## Supplied information
- - -
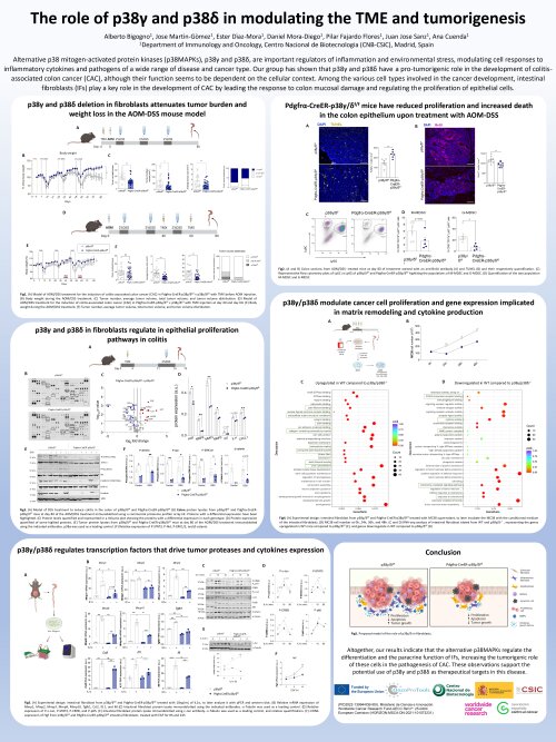Alberto Bigogno, Jose Martìn-Gòmez, Ester Dìaz-Mora, Daniel Mora-Diego, Pilar Fajardo Flores, Juan Jose Sanz, Ana Cuenda. The role of p38γ and p38δ in modulating the TME and tumorigenesis. 20th ASEICA International Congress. 8-10 October, 2025.
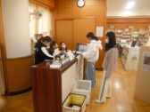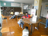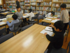2時間目です。1年生は図書室にいました。先日、一人一人が書いた物語の紹介文を、お互いに読み合っていました。「わたしも、おなじところがおもしろいとおもいます」「ぱんがしゃべるなんてふしぎです」などと、感想を書いている子供の姿を見ることができました。
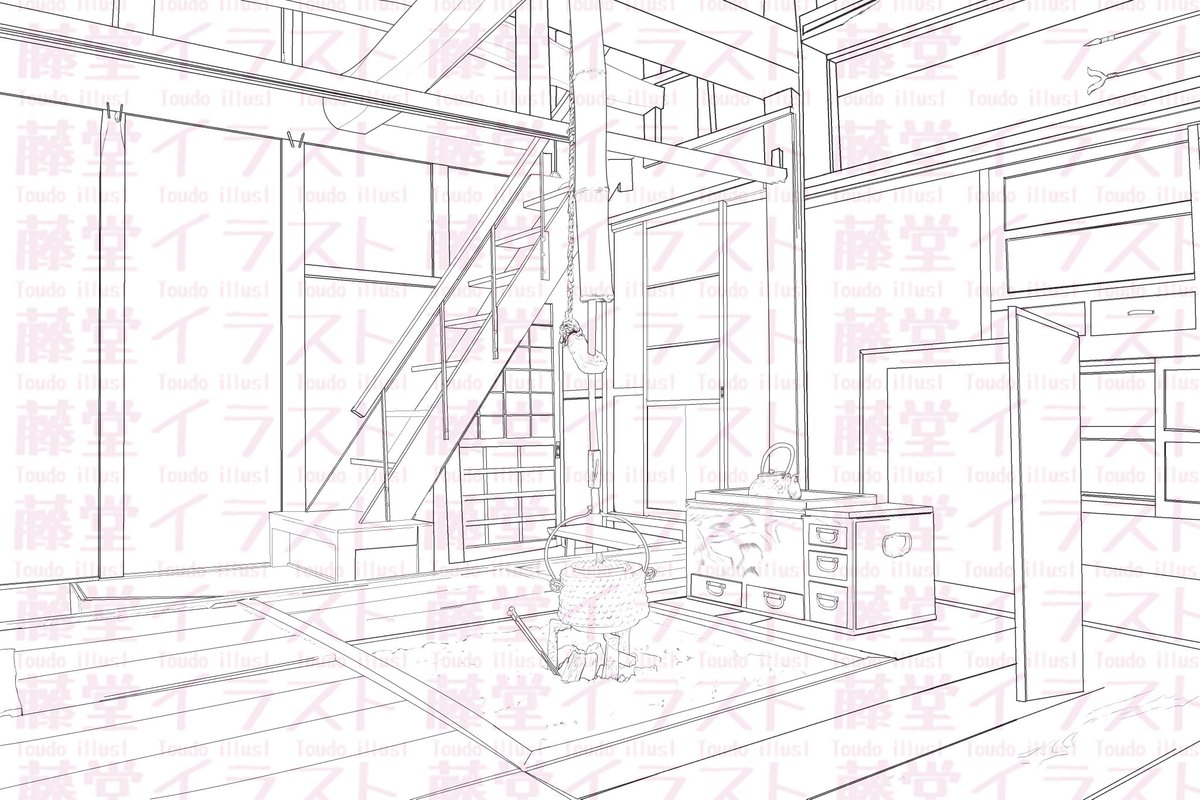 3 26 日本家屋の中の囲炉裏のある風景です 御使用希望の方はDMいただければと思います よろしくお願いします #背景イラスト #背景素材 #イラスト #背景 #漫画 #マンガ 22/05/24 14:06
- - -
Reproduce all lines above exactly. Leave the images out.

## Answer for the task
Alberto Bigogno, Jose Martìn-Gòmez, Ester Dìaz-Mora, Daniel Mora-Diego, Pilar Fajardo Flores, Juan Jose Sanz, Ana Cuenda. The role of p38γ and p38δ in modulating the TME and tumorigenesis. 20th ASEICA International Congress. 8-10 October, 2025.
2時間目です。1年生は図書室にいました。先日、一人一人が書いた物語の紹介文を、お互いに読み合っていました。「わたしも、おなじところがおもしろいとおもいます」「ぱんがしゃべるなんてふしぎです」などと、感想を書いている子供の姿を見ることができました。
 3 26 日本家屋の中の囲炉裏のある風景です 御使用希望の方はDMいただければと思います よろしくお願いします #背景イラスト #背景素材 #イラスト #背景 #漫画 #マンガ 22/05/24 14:06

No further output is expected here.